5. `certificates-issuing` controller reconciles the `Certificate` and the succeeded `CertificateRequest` and removes the `status.IssuanceAttempts` as well as `status.LastFailureTime` and `Issuing` condition
6. `certificates-trigger` controller determines that backoff is not needed and re-queues `Certificate` to be renewed based on `status.RenewalTime`
#### Manually triggered reissuance succeeds
1. A `CertificateRequest` with revision 20 fails.

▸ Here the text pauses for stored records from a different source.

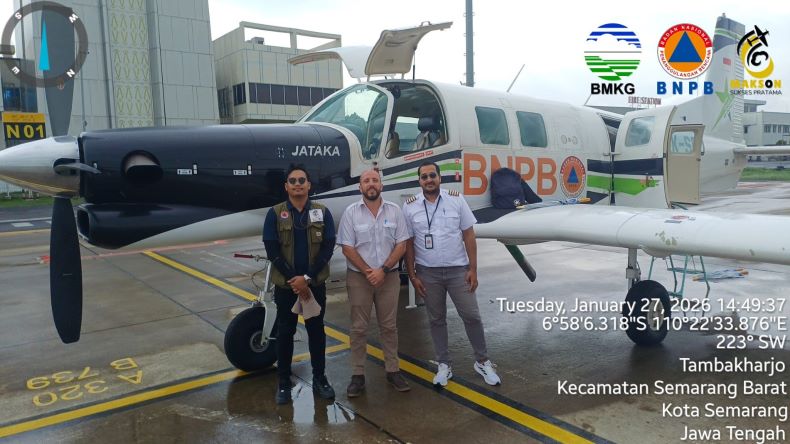 “Area sasaran berada di perairan utara Jawa Tengah yang secara meteorologis masih berpotensi mendukung pertumbuhan awan hujan,” ungkap Flight Scientist PT Makson Sukses Pratama, Fadhlan Rizakul Hafidz.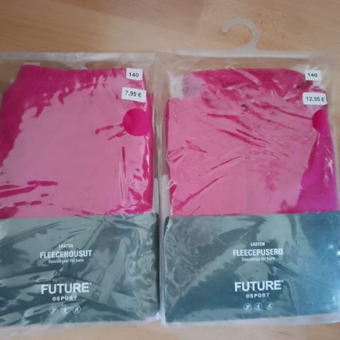 Kaikki fleece vaatteita vaihdellen ohuemmasta paksumpaa kankaaseen. Kunto ok käytetty, jotain käytön jälkeä voi löytyä (ainakin persikan värisessä hihansuissa)
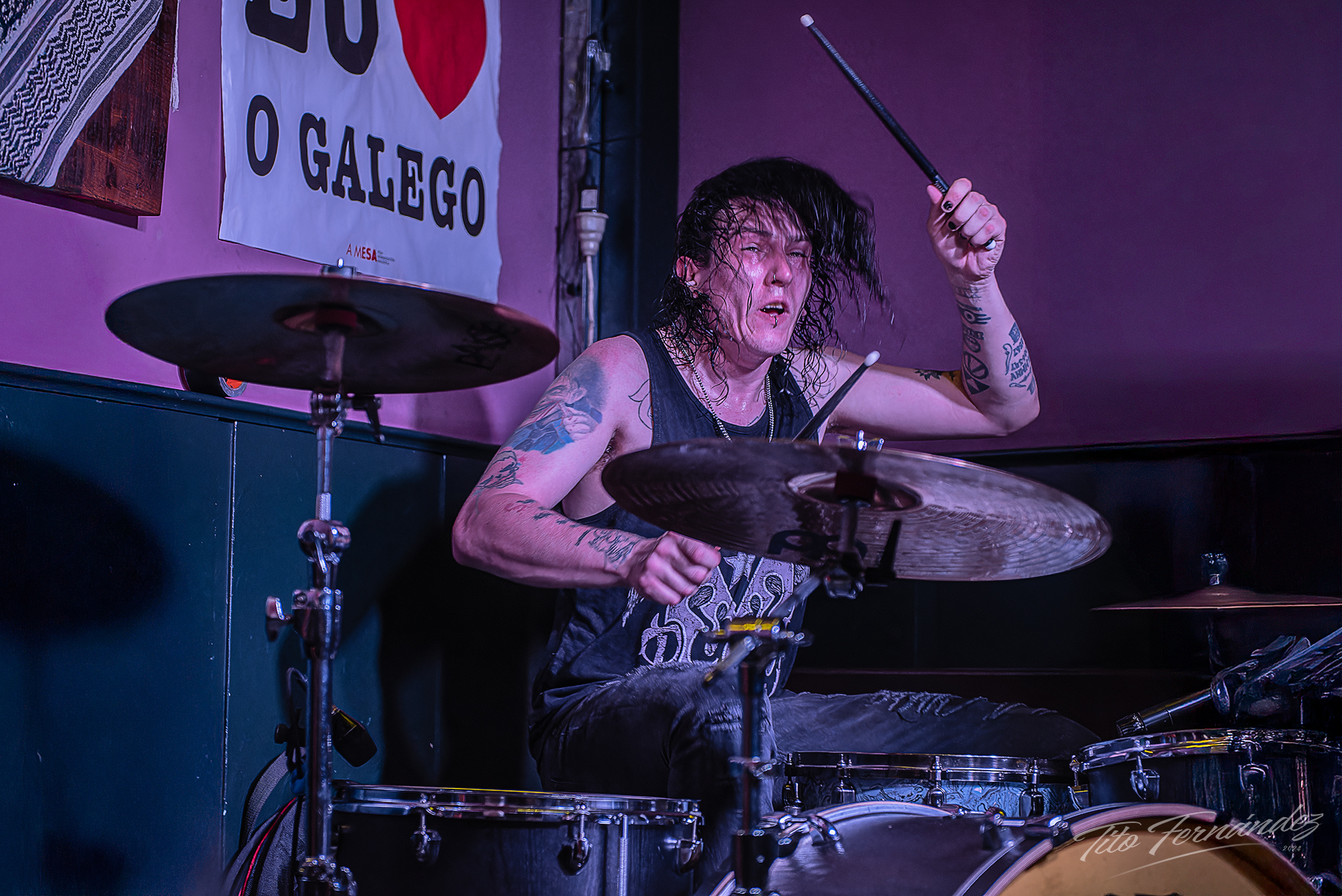 Comenzó todo el viernes por la tarde en el local ya habitual para los conciertos Lestrato, el Auriense. Puntuales a la cita, los Stormseeds cumplieron con la difícil tarea de “descorchar la botella”. La banda metalera de Maceda se subió al escenario y los que desconocíamos a la formación nos sacaron de dudas al instante. Actitud, buenos temas y una química entre los componentes que se nota, de esa que no se ensaya, se tiene. El público responde, las cabezas se mueven y el aire se llena de distorsión y adrenalina. Potente muro de sonido sobre el que destaca la portentosa voz de Alfredo Egaña. No se podía haber elegido mejor forma de abrir el festival: poderoso rock sin filtros. Dejan al respetable satisfecho y preparado para el siguiente asalto.

This is the 3rd failed issuance for revision 20
2. `certificates-issuing` controller reconciles the failed `CertificateRequest`, bumps the `status.IssuanceAttempts` by 1 as well as updating the `status.LastFailureTime` to the time when `CertificateRequest` failed and setting the `Issuing` condition to false
3. `certificates-trigger` controller parses the `Certificate` with the false `Issuing` condition, calculates the backoff period (in this case it will be `status.LastFailureTime + 2h ^ (3 - 1)`, so roughly in 4 hours) [here-ish](https://github.com/jetstack/cert-manager/blob/8dc603e7f5ef64288478b2e7a769a5415ae54ab0/pkg/controller/certificates/trigger/trigger_controller.go#L201) and enqueues the `Certificate` to be reconciled in 4 hours ([here](https://github.com/jetstack/cert-manager/blob/master/pkg/controller/certificates/trigger/trigger_controller.go#L161))
4. User fixes the reason for failure (i.e some networking setup) and runs `cmctl renew <certificate-name>` to force immediate re-issuance, which [adds `Issuing` condition to the `Certificate`](https://github.com/jetstack/cert-manager/blob/ce1424162ea4f363bdb7aa4f201432ec63da1145/cmd/ctl/pkg/renew/renew.go#L203) thus signalling the other controllers that issuance is in progress and bypassing the `certificates-issuing` controller's [check for whether a backoff is needed](https://github.com/jetstack/cert-manager/blob/ce1424162ea4f363bdb7aa4f201432ec63da1145/pkg/controller/certificates/trigger/trigger_controller.go#L158-L163)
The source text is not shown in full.